Les lois de la langue répondent-elles à cette définition ? Pour le savoir, la première chose à faire, d'après ce qui vient d'être dit, c’est de séparer une fois de plus les sphères du synchronique et du diachronique. Il y a là deux problèmes qu’on ne doit pas confondre : parler de loi linguistique en général, c’est vouloir étreindre un fantôme.

Voici quelques exemples empruntés au grec, et où les « lois » des deux ordres sont confondues à dessein :

1. Les sonores aspirées de l’indo-européen sont devenues des sourdes aspirées : *dhūmosthūmós « souffle de vie », *bherōphérō « je porte », etc.

2. L’accent ne remonte jamais au delà de l’antépénultième.

3. Tous les mots se terminent par une voyelle ou par s, n, r, à l’exclusion de toute autre consonne.

4. s initial devant une voyelle est devenu h (esprit rude) : *septm (latin septem) → heptá.

5. m final a été changé en n : *jugomzugón (cf. latin jugum[1]).

6. Les occlusives finales sont tombées : *gunaikgúnai, *epheretéphere, *epherontépheron.

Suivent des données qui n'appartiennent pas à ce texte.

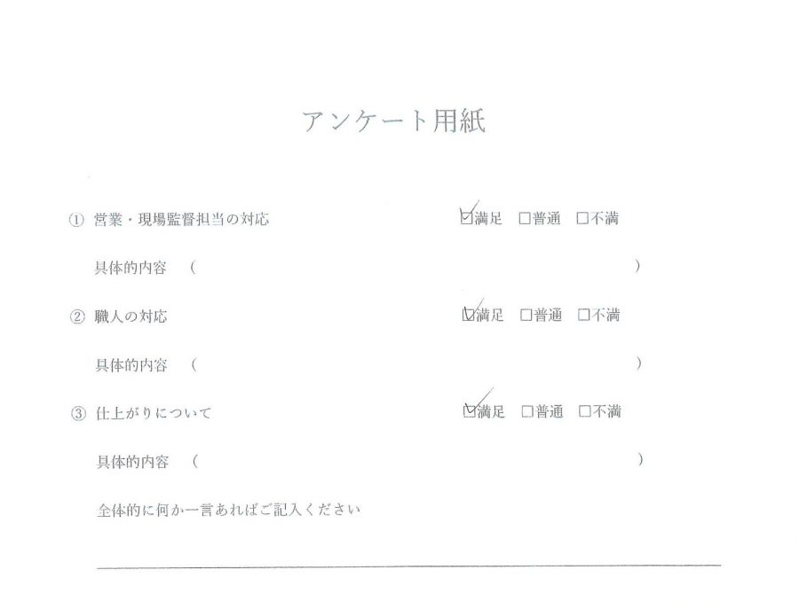 外装工事(外壁塗装・ベランダ防水工事) 営業・現場担当の対応 満足 職人の対応 満足 仕上がりについて 満足 お客様へ この度は弊社をご利用下さいまして誠に有難うございます。今回の工事ではご満足いただけました事大変嬉しく思っております。又この他にも屋根塗装工事、内装工事、雨漏り工事、外構工事、エクステリア工事等も対応させて頂いておりますので今後お住いでお困り事等御座いましたらどんな些細な事でも構いませんのでお気軽にお声掛け下さい。スタッフ一同誠心誠意をもってご対応させて頂きます。

La première de ces lois est diachronique : ce qui était dh est devenu th, etc. La seconde exprime un rapport entre l’unité du mot et l’accent, une sorte de contrat entre deux

  1. D'après MM. Meillet (Mém. de la Soc. de Lingu., IX, p. 365 et suiv.) et Gauthiot (La fin de mot en indo-européen, p. 158 et suiv.), l'indo-européen ne connaissait que -n final à l'exclusion de -m ; si l’on admet cette théorie, il suffira de formuler ainsi la loi 5 : tout -n final i. e. a été conservé en grec ; sa valeur démonstrative n'en sera pas diminuée, puisque le phénomène phonétique aboutissant à la conservation d'un état ancien est de même nature que celui qui se traduit par un changement (voir p. 200) (Ed.).